'''
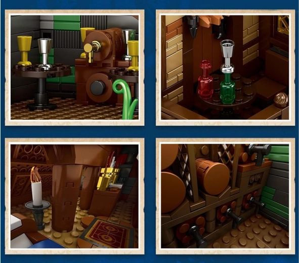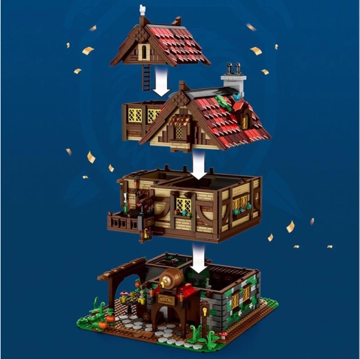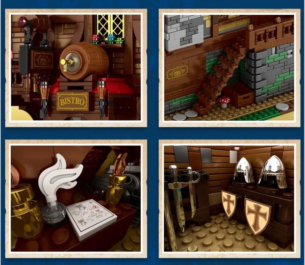 Ta velika srednjeveška koča/krčma je idealen kraj za viteze in plemstvo po zahtevnih pohodih. Čaka vas bogato izdelana notranjost in zunanjost – od soda z »točenim pivom«, prek miz s čašami do orožarne z meči in ščiti. Z 2868 kosi boste zgradili podroben objekt z več ravnmi in okrasi, ki spodbujajo domišljijo in pripovedovanje zgodb.
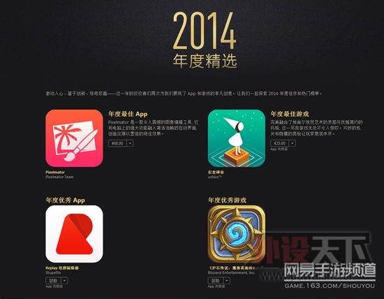 苹果AppStore公布了“2014年度精选”榜单,该榜单分为iPad和iPhone两个平台。《炉石传说》和《纪念碑谷》分别荣获iPad平台“年度优秀游戏”和“年度最佳游戏”称号。长期位于iPad畅销榜最前列的网易《乱斗西游》也成 ...
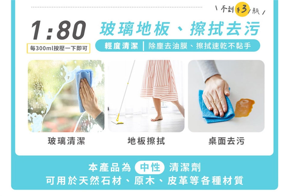 -輕度清潔去污、除塵去油膜、擦拭速乾不黏手
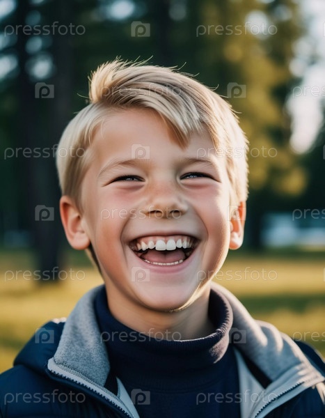 Веселый молодой кавказский мальчик со светлыми прямыми взъерошенными волосами. Маленький милый красивый финский ребенок улыбается. Положительные эмоции. День на свежем воздухе. Счастливое детство. Генеративный ИИ. Скандинавский тип лица
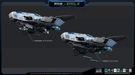 This Original package contains one Sci Fi RQ8 - Eagle / Fighter (not rigged). Model inspired by my Federation Frigate BE2 design, you can find this model in this CGPitbull account (This design is my own concept, does not repeat any existing work. You can use it without a doubt about copyright).
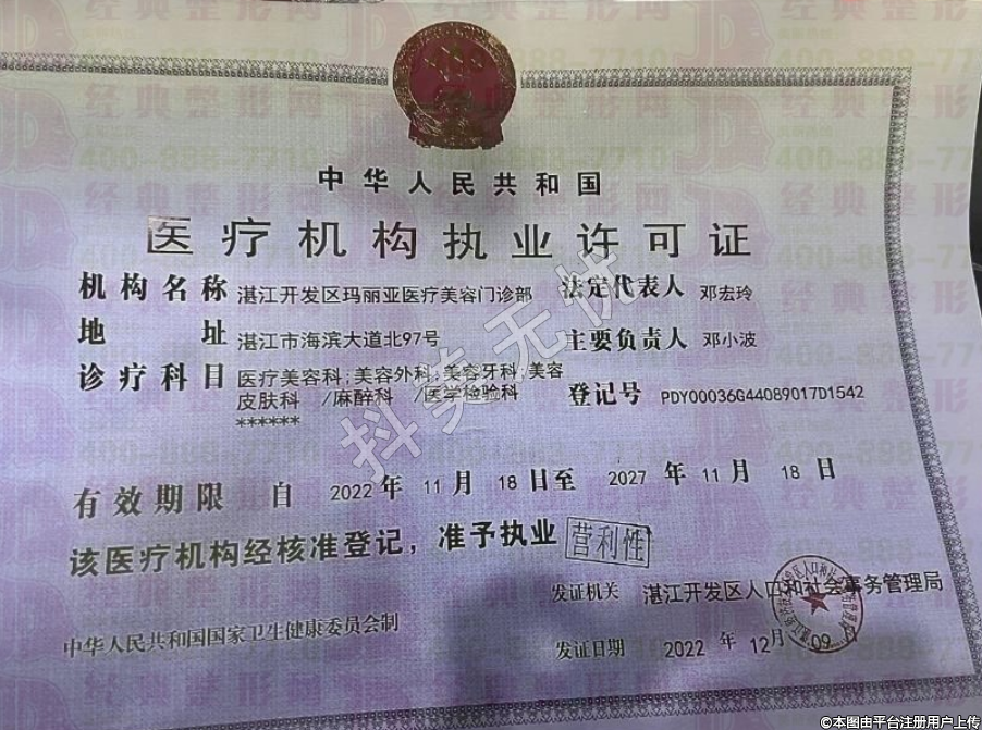 機構(gòu)名稱:湛江開發(fā)區(qū)瑪麗亞醫(yī)療美容門診部
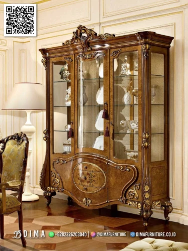 Dengan tampilan yang berkelas dan fungsi yang jelas, lemari hias ukir mewah jati valentina custom cocok untuk anda yang ingin menata koleksi sekaligus mempercantik ruangan tanpa terlihat berlebihan.
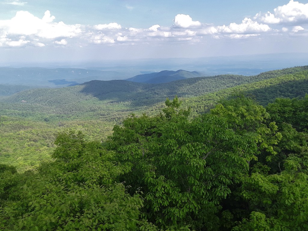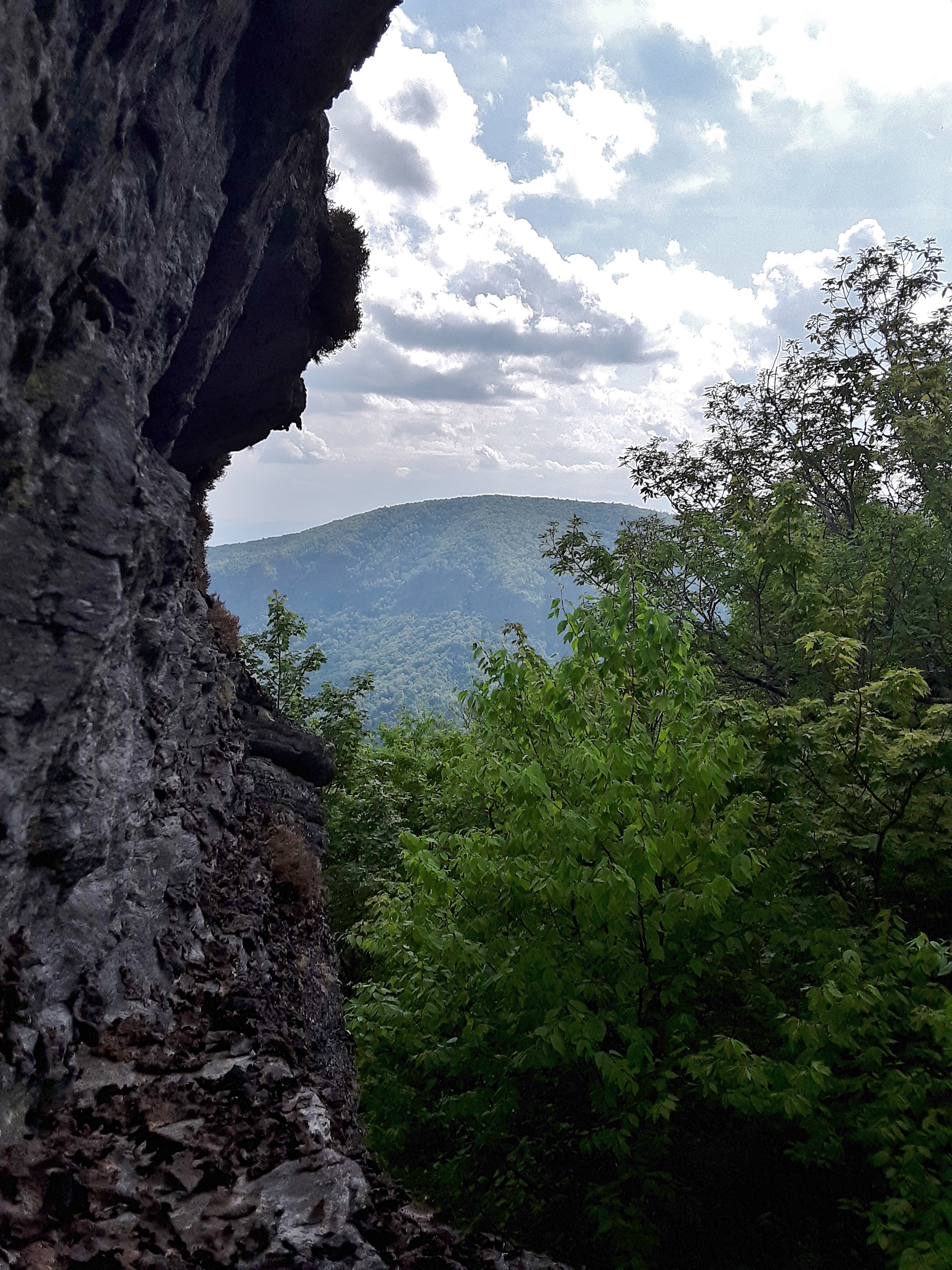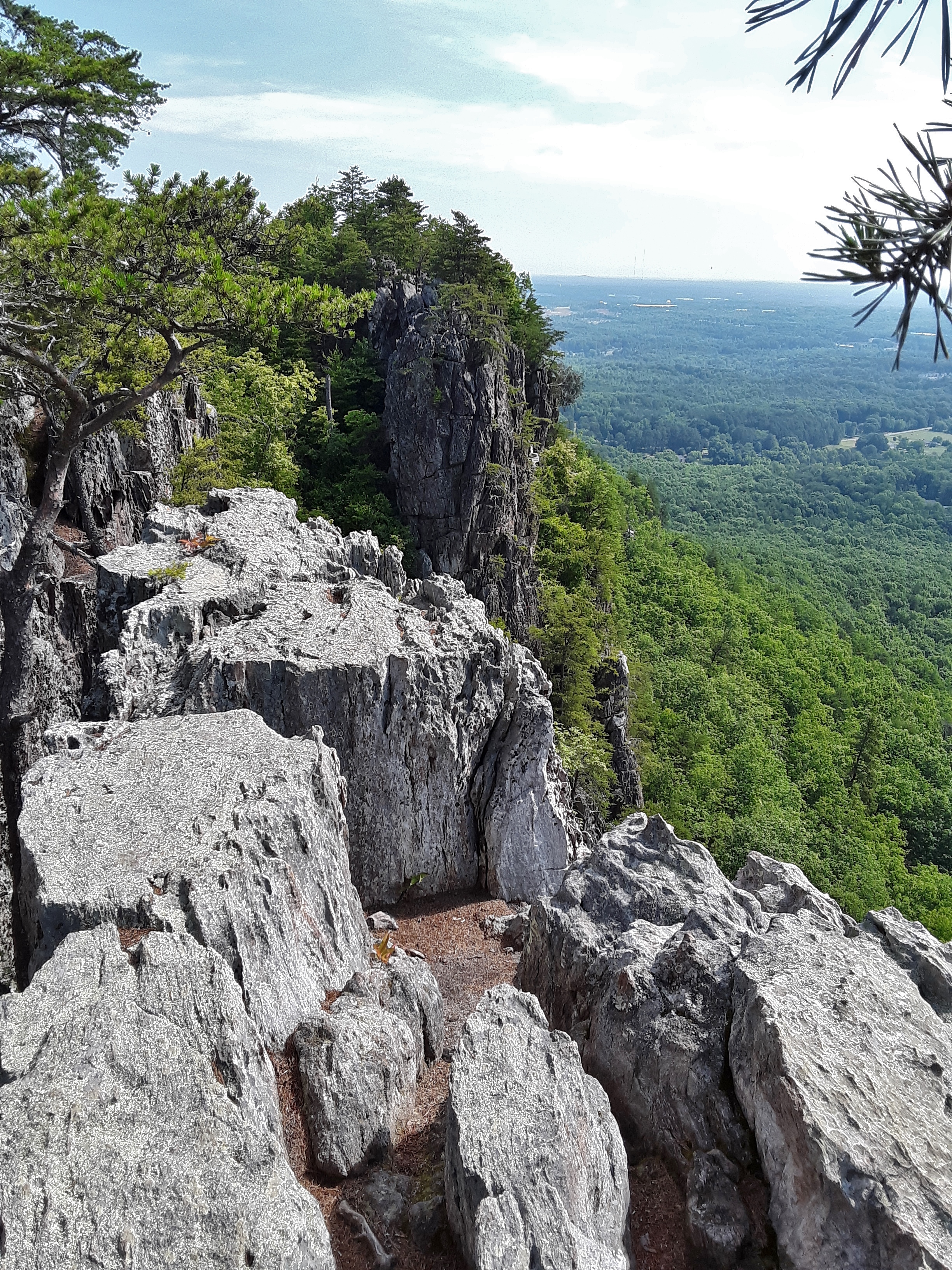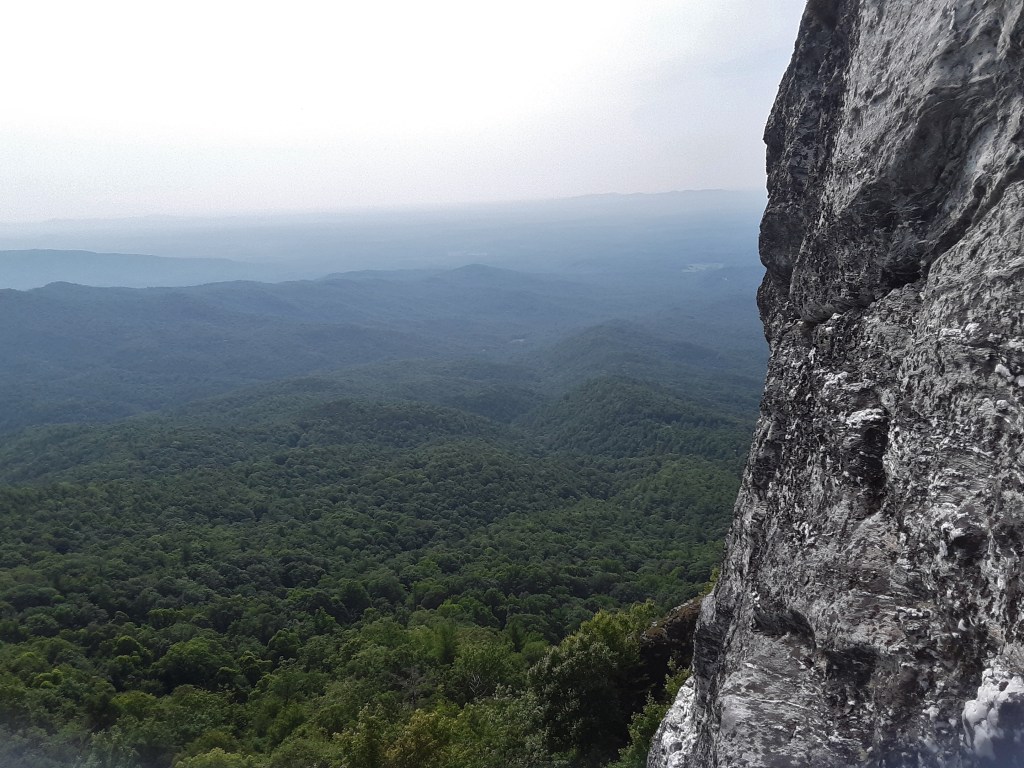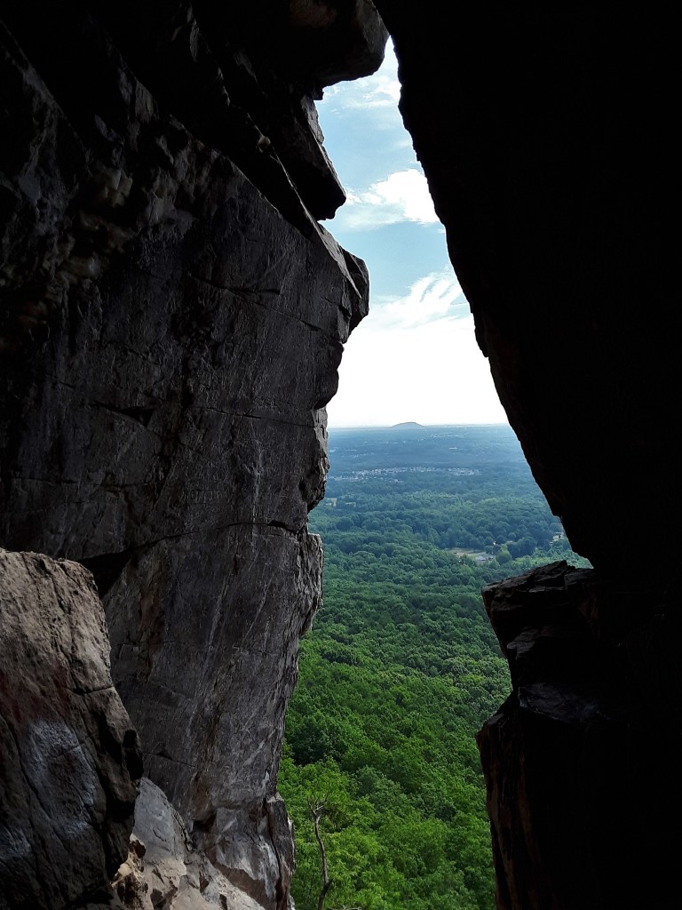 At 80 feet the climb goes into a cave, open at both ends. The belay station was cooled by shade and cool air drawn through the opening with a comfortable stance and a nice view. The view is toward the East and Jackson Knob just south of Gastonia.
'''
Leave the pictures out and print the whole listing precisely.

 Ta velika srednjeveška koča/krčma je idealen kraj za viteze in plemstvo po zahtevnih pohodih. Čaka vas bogato izdelana notranjost in zunanjost – od soda z »točenim pivom«, prek miz s čašami do orožarne z meči in ščiti. Z 2868 kosi boste zgradili podroben objekt z več ravnmi in okrasi, ki spodbujajo domišljijo in pripovedovanje zgodb.
 苹果AppStore公布了“2014年度精选”榜单,该榜单分为iPad和iPhone两个平台。《炉石传说》和《纪念碑谷》分别荣获iPad平台“年度优秀游戏”和“年度最佳游戏”称号。长期位于iPad畅销榜最前列的网易《乱斗西游》也成 ...
 -輕度清潔去污、除塵去油膜、擦拭速乾不黏手
 Веселый молодой кавказский мальчик со светлыми прямыми взъерошенными волосами. Маленький милый красивый финский ребенок улыбается. Положительные эмоции. День на свежем воздухе. Счастливое детство. Генеративный ИИ. Скандинавский тип лица
 This Original package contains one Sci Fi RQ8 - Eagle / Fighter (not rigged). Model inspired by my Federation Frigate BE2 design, you can find this model in this CGPitbull account (This design is my own concept, does not repeat any existing work. You can use it without a doubt about copyright).
 機構(gòu)名稱:湛江開發(fā)區(qū)瑪麗亞醫(yī)療美容門診部
 Dengan tampilan yang berkelas dan fungsi yang jelas, lemari hias ukir mewah jati valentina custom cocok untuk anda yang ingin menata koleksi sekaligus mempercantik ruangan tanpa terlihat berlebihan.
 At 80 feet the climb goes into a cave, open at both ends. The belay station was cooled by shade and cool air drawn through the opening with a comfortable stance and a nice view. The view is toward the East and Jackson Knob just south of Gastonia.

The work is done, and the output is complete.